[llvm] [VPlan] Don't apply predication discount to non-originally-predicated blocks (PR #160449)

Wed Sep 24 00:46:48 PDT 2025

david-arm wrote:

I'm not sure if this statement is quite right:

`This is likely inaccurate because we can expect a tail folded instruction to be executed on every iteration bar the last.`

In one of the tests changed by this patch the loop has a low trip count of 7. Suppose we chose a VF of 16, then doesn't that mean that only 7 out of 16 scalar instructions are being executed? That takes us back to `getPredBlockCostDivisor` returning a value of 2 I think.

It feels like there are three different problems here:

1. Known low trip counts. Unless the trip count is an exact multiple of the VF, we know for sure that `getPredBlockCostDivisor` should return a number greater than 1 and in some cases may be even higher than 2 (TC=4/VF=16, etc.). I understand the intent of the patch is to not vectorise by making all the costs higher, but it feels counter-intuitive as the function isn't actually returning the value it's supposed to.
2. Known large trip counts. Here we absolutely know that `getPredBlockCostDivisor` should return 1.
3. Unknown trip counts. I think this is the "best guess" approach taken by your patch, where you are assuming the trip count is large. However, I know that in some benchmarks such as exchange2 there is a problem with low trip counts that are only known during the LTO optimisation phase. Pre-LTO we vectorise lots of loops in a hot code path without knowing the trip count, then during the LTO phase we discover the trip count is 3! However, I do appreciate that the real solution here is to delay vectorisation until the LTO stage.
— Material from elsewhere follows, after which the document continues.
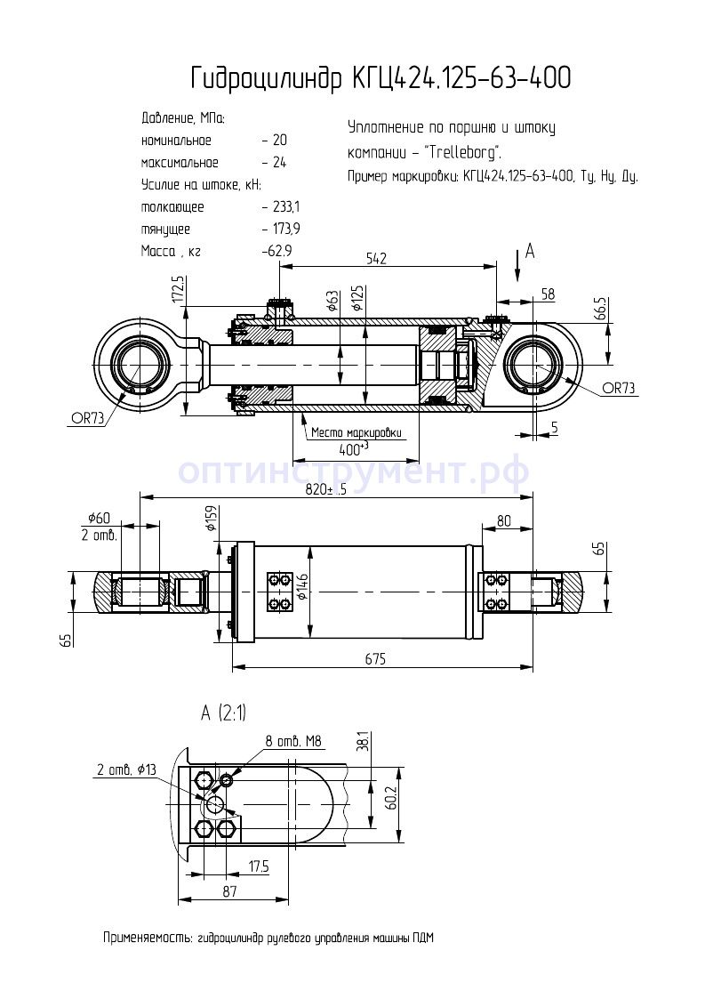 Гидроцилиндр рулевого управления машин "ПДМ" КГЦ 424.125-63-400 в продаже по цене 28 920 руб. в Интернет-магазине Проф-инструмент с доставкой в Кирове и Кировской области. Звоните по телефону +8 (800) 302-10-51.

I guess what I'm trying to say is that if the intent of the patch is to more accurately calculate the cost divisor based on the probability of entering the block, then paradoxically the cost should really reduce even further in some cases. That makes me wonder if this the right approach? Or perhaps the change to `getPredBlockCostDivisor` should be restricted only to cases where we know the trip count is much greater than the VF? For example, if we choose VF=2 then it's probably a good bet the cost divisor is going to be almost 1 since even for a trip count of 7 we know the ratio is 7/8.

https://github.com/llvm/llvm-project/pull/160449